FORM GR1268 Question 15

Question:
Let \(S,T,\) and \(U\) be nonempty sets, and let \(f:S\rightarrow T\) and \(g:T\rightarrow U\) be functions such that the function \(g\circ f:S\rightarrow U\) is one-to-one (injective). Which of the following must be true?

(A) \(f\) is one-to-one.
(B) \(f\) is onto.
(C) \(g\) is one-to-one.
(D) \(g\) is onto.
(E) \(g\circ f\) is onto.

Answer:
(A)

Answer Key:
"One-to-one" means no two elements in the domain maps to the same element in the target.
"Onto" means every element in the target is "hit" by at least one element in the domain.

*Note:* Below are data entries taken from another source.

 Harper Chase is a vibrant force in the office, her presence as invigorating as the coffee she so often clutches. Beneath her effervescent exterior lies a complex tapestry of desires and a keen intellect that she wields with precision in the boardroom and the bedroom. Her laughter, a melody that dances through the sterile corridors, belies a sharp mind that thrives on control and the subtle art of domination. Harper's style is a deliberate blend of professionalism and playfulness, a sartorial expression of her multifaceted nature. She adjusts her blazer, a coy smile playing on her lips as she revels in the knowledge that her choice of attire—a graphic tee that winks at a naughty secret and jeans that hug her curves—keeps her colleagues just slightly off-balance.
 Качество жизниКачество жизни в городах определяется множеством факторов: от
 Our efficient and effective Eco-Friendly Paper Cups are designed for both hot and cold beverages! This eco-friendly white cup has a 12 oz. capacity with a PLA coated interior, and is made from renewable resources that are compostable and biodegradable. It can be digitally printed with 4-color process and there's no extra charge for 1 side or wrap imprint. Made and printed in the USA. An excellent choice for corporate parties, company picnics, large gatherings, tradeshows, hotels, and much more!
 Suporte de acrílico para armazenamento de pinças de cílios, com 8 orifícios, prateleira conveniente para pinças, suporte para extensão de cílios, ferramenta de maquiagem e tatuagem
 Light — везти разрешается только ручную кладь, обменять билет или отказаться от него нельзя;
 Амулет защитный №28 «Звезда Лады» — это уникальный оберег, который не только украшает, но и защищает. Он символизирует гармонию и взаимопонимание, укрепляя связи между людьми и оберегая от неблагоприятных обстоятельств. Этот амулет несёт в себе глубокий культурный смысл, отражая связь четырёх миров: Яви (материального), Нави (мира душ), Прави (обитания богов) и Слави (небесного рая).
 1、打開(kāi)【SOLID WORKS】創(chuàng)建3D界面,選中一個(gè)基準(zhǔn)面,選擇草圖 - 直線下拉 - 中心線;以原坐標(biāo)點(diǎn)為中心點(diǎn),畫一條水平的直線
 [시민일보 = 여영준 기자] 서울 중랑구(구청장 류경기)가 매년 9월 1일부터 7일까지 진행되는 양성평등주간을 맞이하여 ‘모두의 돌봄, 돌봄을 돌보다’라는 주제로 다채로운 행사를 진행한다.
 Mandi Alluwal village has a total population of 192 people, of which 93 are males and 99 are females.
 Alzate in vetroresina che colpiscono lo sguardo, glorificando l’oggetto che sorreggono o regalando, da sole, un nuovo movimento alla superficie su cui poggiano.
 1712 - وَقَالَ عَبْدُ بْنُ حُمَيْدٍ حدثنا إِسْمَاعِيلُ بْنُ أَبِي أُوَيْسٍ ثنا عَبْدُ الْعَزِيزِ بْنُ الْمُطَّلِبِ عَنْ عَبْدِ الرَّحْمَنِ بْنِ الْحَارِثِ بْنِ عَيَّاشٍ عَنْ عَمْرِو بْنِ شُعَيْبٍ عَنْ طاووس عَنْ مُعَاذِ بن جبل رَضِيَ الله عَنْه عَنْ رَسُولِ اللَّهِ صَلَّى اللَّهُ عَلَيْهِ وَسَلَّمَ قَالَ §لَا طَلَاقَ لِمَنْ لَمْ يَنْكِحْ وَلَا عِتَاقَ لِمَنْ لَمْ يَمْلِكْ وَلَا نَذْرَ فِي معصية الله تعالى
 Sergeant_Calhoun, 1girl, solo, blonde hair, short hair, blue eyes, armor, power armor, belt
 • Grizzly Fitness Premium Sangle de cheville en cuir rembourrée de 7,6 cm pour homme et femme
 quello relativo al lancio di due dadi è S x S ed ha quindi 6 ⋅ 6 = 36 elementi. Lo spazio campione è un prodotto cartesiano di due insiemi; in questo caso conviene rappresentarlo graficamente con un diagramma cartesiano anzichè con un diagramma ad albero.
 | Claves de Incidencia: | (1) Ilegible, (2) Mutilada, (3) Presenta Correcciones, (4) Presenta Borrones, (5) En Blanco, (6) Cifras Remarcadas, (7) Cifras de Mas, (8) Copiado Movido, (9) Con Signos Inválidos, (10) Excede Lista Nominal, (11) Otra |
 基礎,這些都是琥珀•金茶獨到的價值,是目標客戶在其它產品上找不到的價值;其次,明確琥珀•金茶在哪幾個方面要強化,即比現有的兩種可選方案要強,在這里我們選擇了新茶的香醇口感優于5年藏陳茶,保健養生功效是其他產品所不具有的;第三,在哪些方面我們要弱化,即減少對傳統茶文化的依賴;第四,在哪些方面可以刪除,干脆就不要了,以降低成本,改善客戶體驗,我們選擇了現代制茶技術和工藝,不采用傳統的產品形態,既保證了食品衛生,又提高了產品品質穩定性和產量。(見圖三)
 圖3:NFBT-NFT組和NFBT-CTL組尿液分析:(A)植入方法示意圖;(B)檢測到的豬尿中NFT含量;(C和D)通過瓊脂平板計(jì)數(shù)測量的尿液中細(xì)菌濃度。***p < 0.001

If \(f\) is not one-to-one, more than one elements in \(S\) map to the same element in \(T\) (through \(f\)), and therefore, they necessarily have to map to the same element in \(U\) (through \(g\)).
Then \(g\circ f\) cannot be one-to-one.

Below, I provide a counterexample for (B) through (E).

Let
\[\begin{align}
S &= \{1, 2\}\\
T &= \{a, b, c\}\\
U &= \{x, y, z\}.
\end{align}\]

Define \(f\) as follows:
\[\begin{align}
f(1)&=a\\
f(2)&=b.
\end{align}\]

Define \(g\) as follows:
\[\begin{align}
g(a)&=x\\
g(b)&=y\\
g(c)&=y.
\end{align}\]

Then \(g\circ f\) is defined as follows:
\[\begin{align}
g\circ f(1)&=g(f(1))=g(a)=x\\
g\circ f(2)&=g(f(2))=g(b)=y.
\end{align}\]
Thus, \(g\circ f\) is one-to-one.

\(f\) is not onto because no element in \(S\) maps to \(c\in T\).
\(g\) is not one-to-one because both \(b\) and \(c\) map to \(y\in U\).
\(g\) is not onto because no element in \(T\) maps to \(z\in U\).
\(g\circ f\) is not onto because no element in \(S\) maps to \(z\in U\).